The INOX trial included a total of 243 patients at enrollment termination, with 123 randomly assigned to receive nocturnal oxygen and 120 assigned to receive placebo (ambient air from a sham concentrator). A total of 192 (79.0%) met the study case definition for nocturnal desaturation on the two oximetry studies obtained at trial entry.

The primary outcome included a composite of death from any cause or a requirement for long-term oxygen therapy, defined by the Nocturnal Oxygen Therapy Trial (NOTT) criteria in the intention-to-treat population.

One patient was lost to follow-up after 2.5 years of receiving placebo, and 11 withdrew from the trial during the fourth year and did not consent to final outcome assessment. The primary composite outcome was determined for 242 patients at the 3-year follow-up and in 231 patients (95.1%) at the 4-year follow-up.

A total of 10 patients did not receive the assigned intervention (4 in the active-treatment group and 6 in the control group).

After adjustment of oxygen flow rate, 116 of the 119 patients (97.5%) who received oxygen had nocturnal saturation during treatment within the target flow rate; 93 patients (78.2%) were given oxygen at a flow rate of 2 liters per minute.

A total of 53 patients (27 receiving nocturnal oxygen and 26 receiving placebo) discontinued the intervention during the first 3 years of follow- up, and 3 more patients discontinued the intervention during the fourth year.

Patients who were assigned to nocturnal oxygen used their concentrator a mean (±SD) of 7.0±3.5 hours per night, while those assigned to placebo used it 6.1±3.2 hours per night.

Among the main study findings:

  • In the intention-to-treat population at 3 years of follow-up, 39.0% of the patients assigned to nocturnal oxygen (48 of 123) and 42.0% of those assigned to placebo (50 of 119) became clinically eligible for long-term oxygen therapy or had died (difference, −3.0 percentage points; 95% CI, −15.1 to 9.1; P=0.64).
  • At 3 years and 4 years of follow-up, the absolute differences between the two trial groups in the percentage of patients with a primary outcome event, the separate component of death, or the separate component of a requirement for long-term oxygen therapy were all no more than 6.5 percentage points.
  • Time-to-event analyses indicated no evidence of a significant difference between nocturnal oxygen and placebo in the composite outcome of death from any cause or requirement for long-term oxygen therapy.

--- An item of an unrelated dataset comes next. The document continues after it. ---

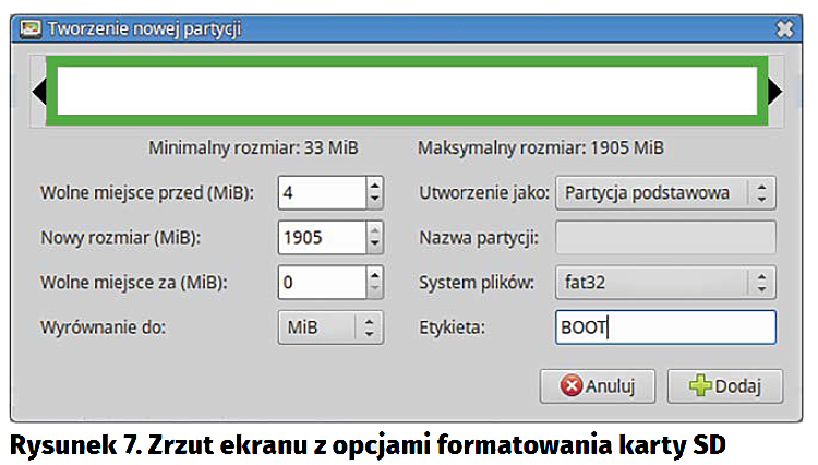 Najpierw trzeba sformatować kartę. Pierwszy sposób zakłada, że na karcie jest jedna partycja sformatowana jako fat32. Można nadać jej etykietę BOOT. Polecam użyć do tego programu Gparted. Na rysunku 7 pokazano zrzut ekranu z oknem opcji formatowania karty. W tym przykładzie karta ma 2 GB pojemności, w wypadku karty o większej pojemności należy zwiększyć rozmiar partycji. Po sformatowaniu karty kopiujemy niezbędne pliki: BOOT.bin (z projektu FSBL), uImage (jądro Linuksa, znajduje się w folderze linux/arch/arm/boot), devicetree.dtb (folder dts/clean) i plik core-image-minimal-zedboard-zynq7-<znacznik czasowy wygenerowania>.rootfs.cpio.gz.u-boot (folder yocto/poky/zedboard/tmp/deploy/images/zedboard-zynq7). Nazwę ostatniego z plików należy zmienić na uramdisk.image.gz. Po skopiowaniu plików odmontowujemy kartę i podłączamy do płytki. Przed włączeniem płytki należy podłączyć ją do komputera przez USB. Na płytce podłączamy kabel do złącza USB podpisanego jako UART.
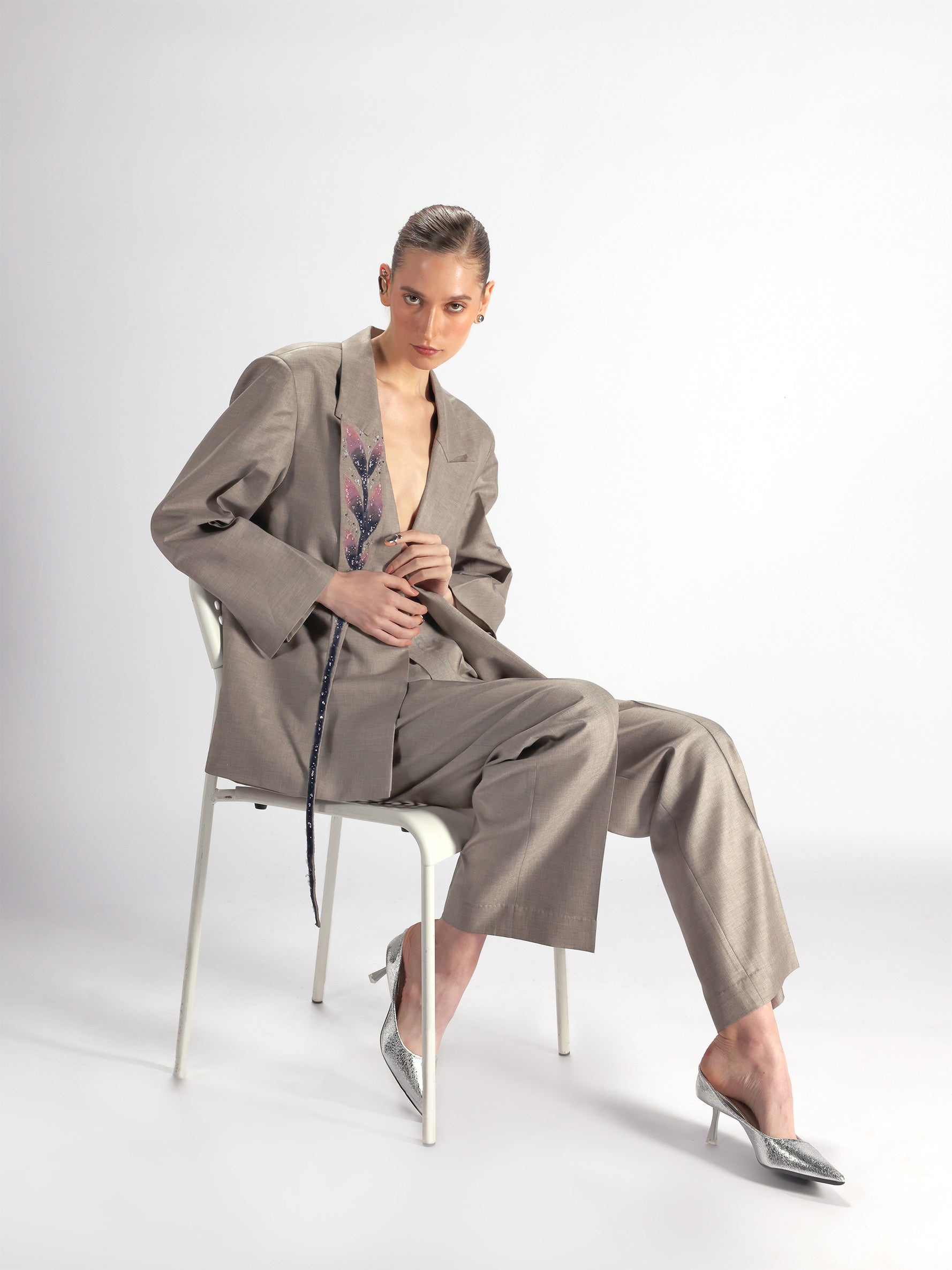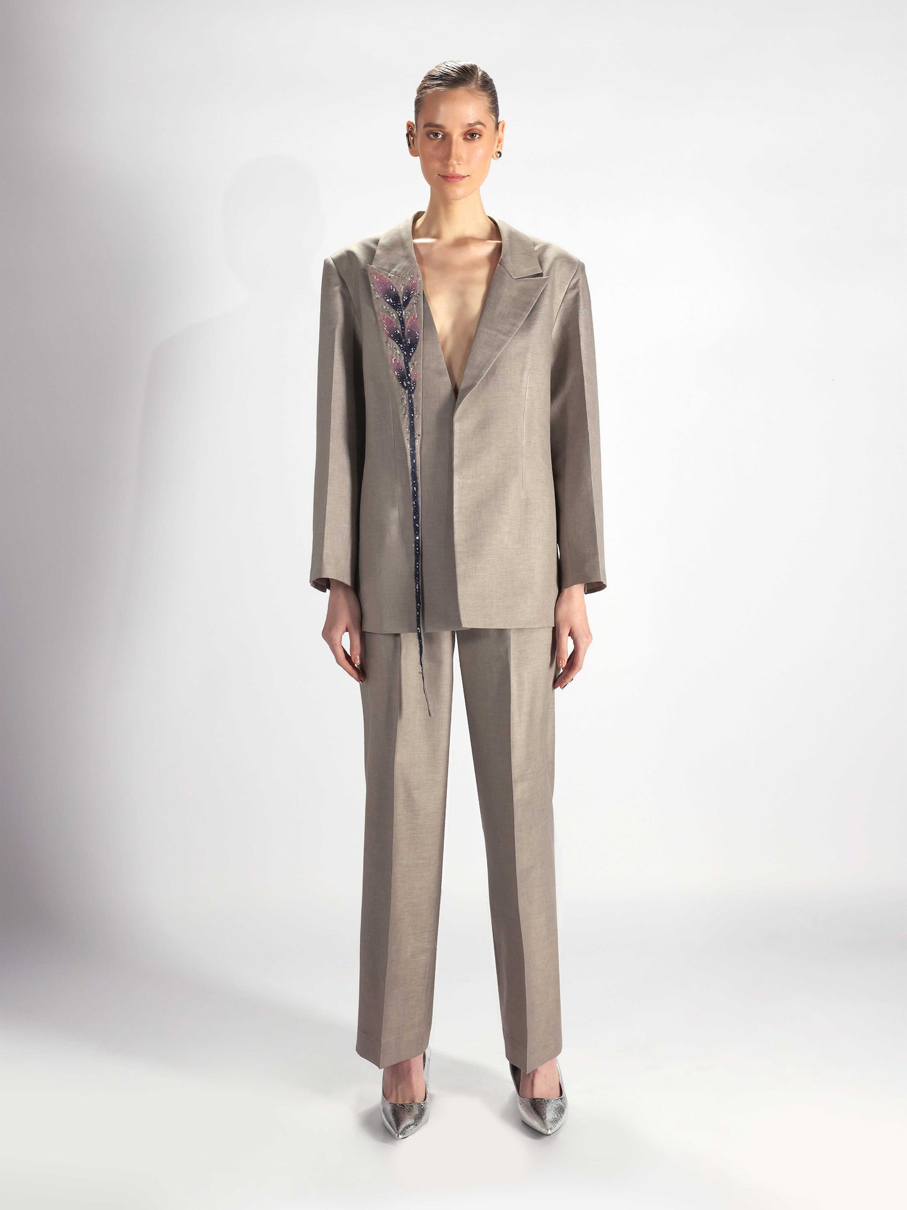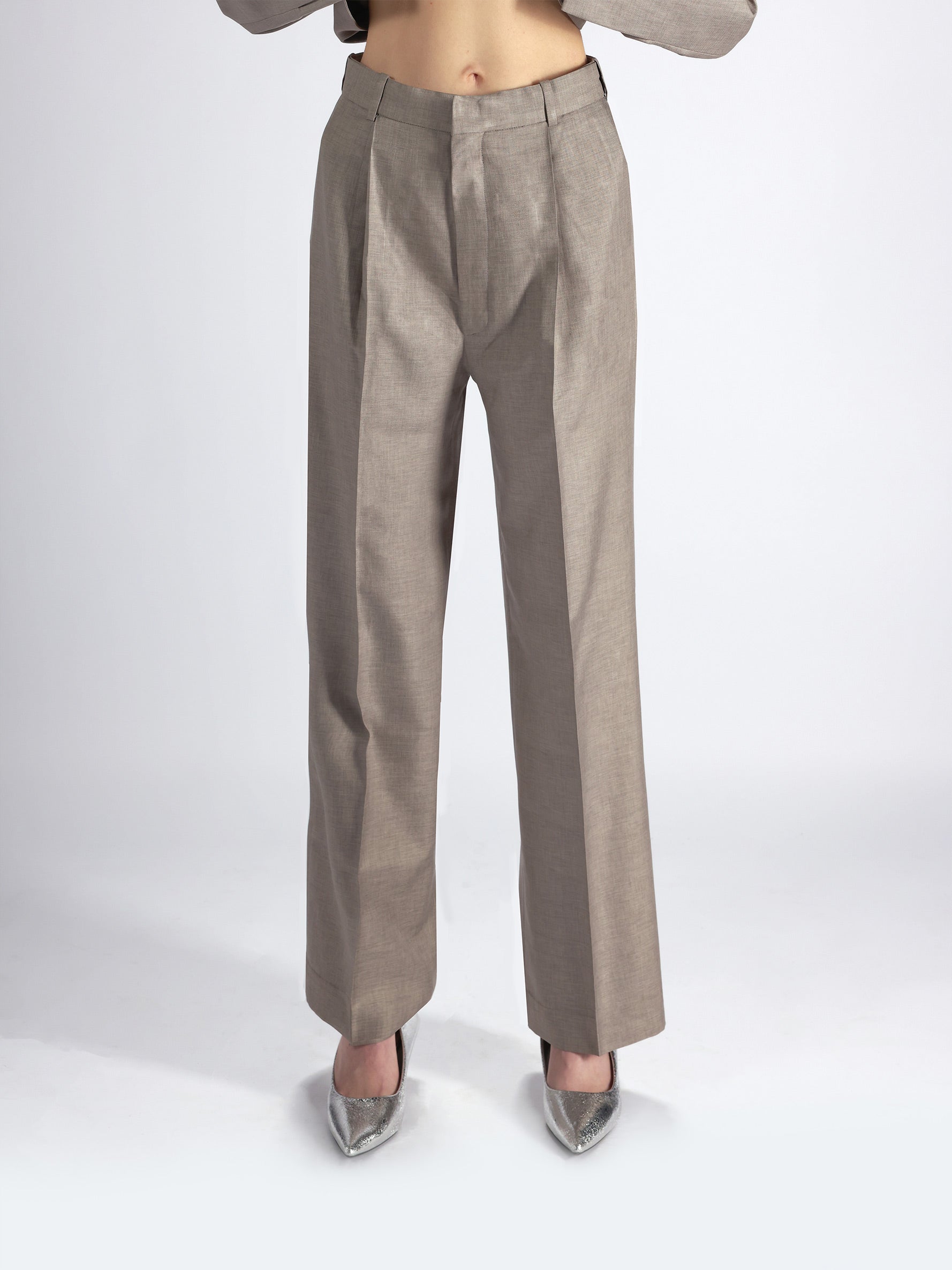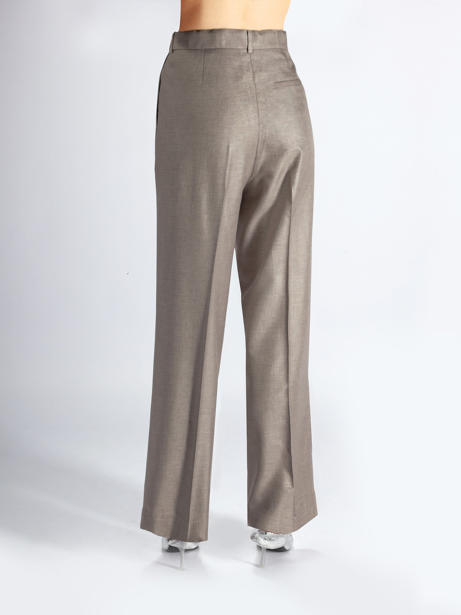 Crafted from fine grey suiting fabric, these straight-legged pants feature a discreet hidden elastic at the pocket side, side pockets, and a front pant hook closure.

No evidence of significant differences in exacerbation rates and hospitalizations were seen between the two treatment groups.

When the researchers combined the results from the two previously published studies examining nocturnal oxygen with their own INOX data at 3 years follow-up, the point estimate was close to null for death from any cause or progression to long-term oxygen therapy (relative risk, 1.04; 95% CI, 0.81-1.34).

“The lower limit of the 95% confidence interval around the pooled measure of effect excluded what we would consider as the minimal clinically important difference,” the researchers wrote…”The consistency of the findings of the INOX trial added to those of the previous trials does not provide evidence to suggest benefit from the use of nocturnal oxygen in patients with COPD and isolated nighttime oxygen desaturation.”

The researchers noted that home oxygen therapy is the most expensive health care expenditure after hospitalization associated with COPD critical care.

“Although the wide confidence intervals around the data do not preclude a benefit of oxygen treatment, the INOX trial and the previous trials considered alone or together do not show the presence of a clear clinical benefit of nocturnal oxygen,” they concluded.

  1. Use of nocturnal oxygen therapy for the management of isolated nocturnal hypoxemia in patients with COPD appeared to have no impact on survival or time to progression to long-term oxygen therapy in the INOX study.

  2. Due to recruitment and retention issues, the study was underpowered to show mortality and other clinically significant benefits for nocturnal oxygen in COPD patients who do not meet current criteria for treatment with long-term oxygen therapy.

Salynn Boyles, Contributing Writer, BreakingMED™

The INOX trial was supported by the Canadian Institutes of Health Research.

Lacasse reported grants from Canadian Institutes of Health Research, during the conduct of the study.